Someone who uses Kubernetes on a daily basis here.
The visualisation thing looks like a nice to have feature, but nothing a K8s administrator can't live without. What's really interesting is the yaml generator tool. This is something that would significantly improve my productivity if only it were a little bit more uses friendly. Building new deployments/jobs/resources in general involves a lot of 'kubectl explain' invocations and documentation searching, not to mention the painful experience of making sure the yaml is properly indented. This tool has a lot of potential when it comes to improving that experience, but it would have to be simpler and faster, e.g. remove the popup windows after clicking "plus" and instead have a panel at the bottom of the screen. Do something to remove the extra clicks when adding nested items, maybe a tree-list structure with quick-add option? I mean, after you get accustomed with all the fields you don't even need the description anymore, you just want to add new attributes and assign values to them.
The way I've saved myself from YAML insanity in k8s is by using kubecfg  and kube.libsonnet . I can now build abstractions that work for my particular deployments and never have to worry about extraneous verbosity in day-to-day operations.
Tried Skycap? https://www.cloud66.com/containers/skycap
These are very good suggestions, thank you! The editor was the first chunk of Konstellate that we built, and we definitely want to keep adding to it. We have the nested feature on our roadmap, but I hadn't thought about the inline field addition. I will let you know when we have some updates. Thank again for your feedback it's incredibly helpful!
This would be a nice addition to kubecfg.
Eg `kubecfg show --web` to bring up an HTTP server that hosts this and lets you inspect the k8s resources that your jsonnet describes.
Yeah that is definitely something we are considering adding in. It seems to be a pretty logical next step. Also, we want to tie it into local folder structures to enable a gitops flow!
Why clojure here?
Developer here.

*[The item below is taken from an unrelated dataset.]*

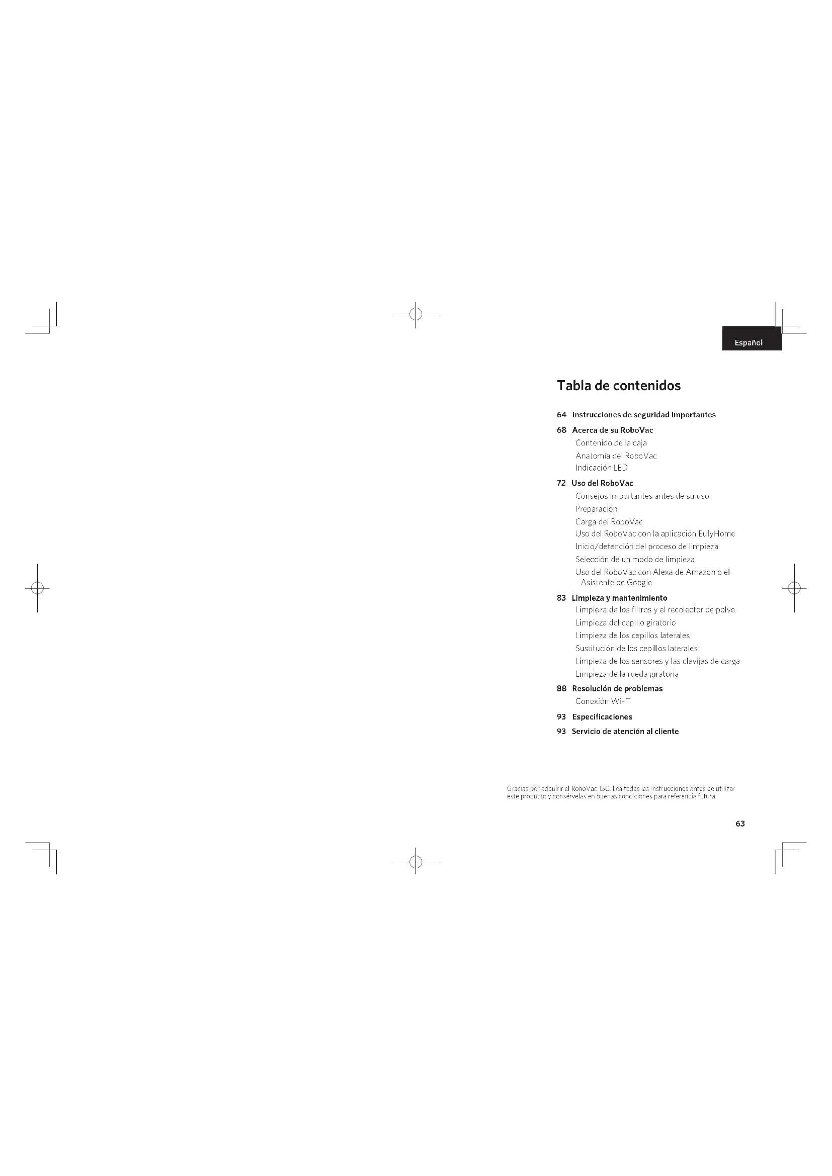 - Google Home es una marca comercial de Google Inc.68 69 Español Español Acerca de su RoboVac Contenido de la caja RoboVac 15C Adaptador de alimentación Herramienta de limpieza Cepillos laterales (4) Base de carga Mando a distancia (2 pilas AAA) Filtro de alto rendimiento adicional Manual del propietario y otros documentos Filtro de espuma adicional Sujetacables (5) Anatomía del RoboVac Parte superior y lateral Botón para iniciar/detener la limpieza automática Luz de estado de Wi-Fi Paragolpes Recolector de polvo Botón liberador del recolector de polvo Sensor de infrarrojos Parte inferior Sensores de caídaClavijas de cargaCompartimento de la bateríaProtección del cepilloCepillo giratorioInterruptor principal (inicio/pausa)Rueda giratoriaCepillos lateralesRuedasRecolector de polvo70 71 Español Español Recolector de polvo Prefiltro Filtro de espuma Filtro de alto rendimiento Entrada de succión Recolector de polvo Entrada de succión Base de carga Clavijas de cargaLuz de estadoCompartimento para guardar el cable de alimentaciónToma de alimentación Mando a distancia

I suppose the simple answer is that this was a personal/side project at my job and I picked the language I most enjoy. Additionally, I've been hacking on a couple of libraries for writing web apps for the last few years and wanted the chance to hone them on something non-trivial.
Clojure is very pleasant to work with and is exceptionally useful for rapid development. My colleagues at JUXT certainly would not have been able to build our new bitemporal Datalog database  without it!